[JURIST] London's High Court on Thursday ruled [PDF, judgment] that the UK Foreign Office must turn over evidence [Independent report] "essential" to the defense of Binyam Mohamed [Reprieve profile], the last British resident still detained at Guantanamo Bay [JURIST news archive]. Lawyers representing Mohamed at his US military commission trial had appeared [JURIST report] before the High Court in July, arguing that the Foreign Office possessed evidence showing that Mohamed was tortured and went through extraordinary rendition [JURIST news archive]. A Foreign Office spokesperson commented [press release]:
For strong reasons of national security, to which the Court accepted we were entitled to give the highest weight, we could not agree to disclose this information voluntarily. These and other issues relating to national security will be considered at a further hearing next week.
Mohamed's lawyers have also asked the Irish government [Irish Times report] to turn over information about CIA rendition flights [JURIST news archive] which allegedly landed in Ireland in 2002 and 2004 while transporting Mohamed.

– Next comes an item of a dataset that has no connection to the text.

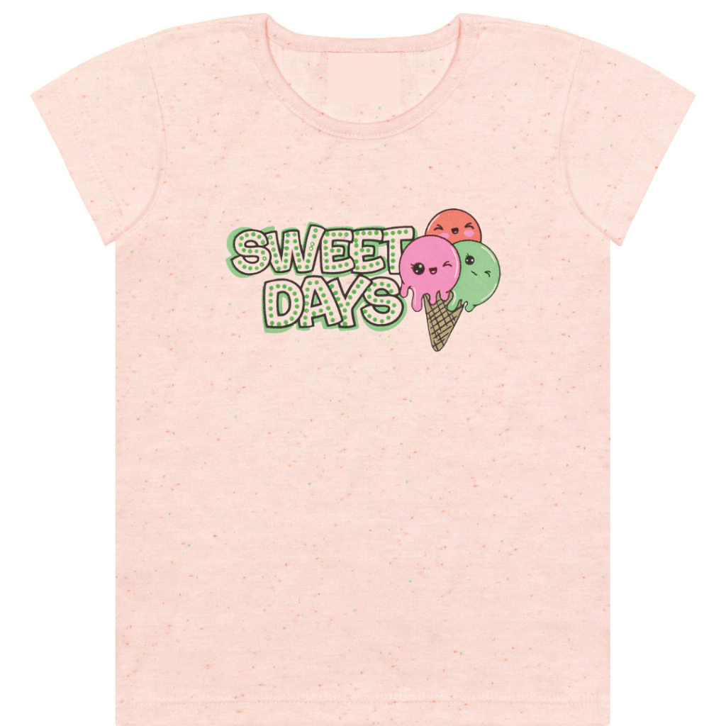 Blusa em malha botonê com estampa de sorvete e aplicação de pedras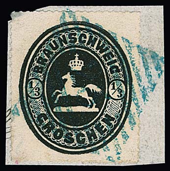 1/3 Gr. schwarz auf Kabinettbriefstück mit besserem blauem NS "23" (Hohegeiss), sign. Richter, Köhler. Mi. 480,- +

Mohamed says he was arrested in Pakistan and turned over to US officials who later transferred him to Moroccan agents who tortured him; he was later transferred to Guantanamo Bay in 2004. In December, in a letter [DOC, text] sent by his lawyer to UK Foreign Secretary David Miliband, he asked the UK government [JURIST report] to ensure that photographic evidence of his alleged torture be preserved. For most of 2007, Binyam was one of five UK residents detained at Guantanamo Bay [JURIST news archive]. Three of those were released [press release; JURIST report] from US custody in December. The official status of a fourth detainee remains unclear.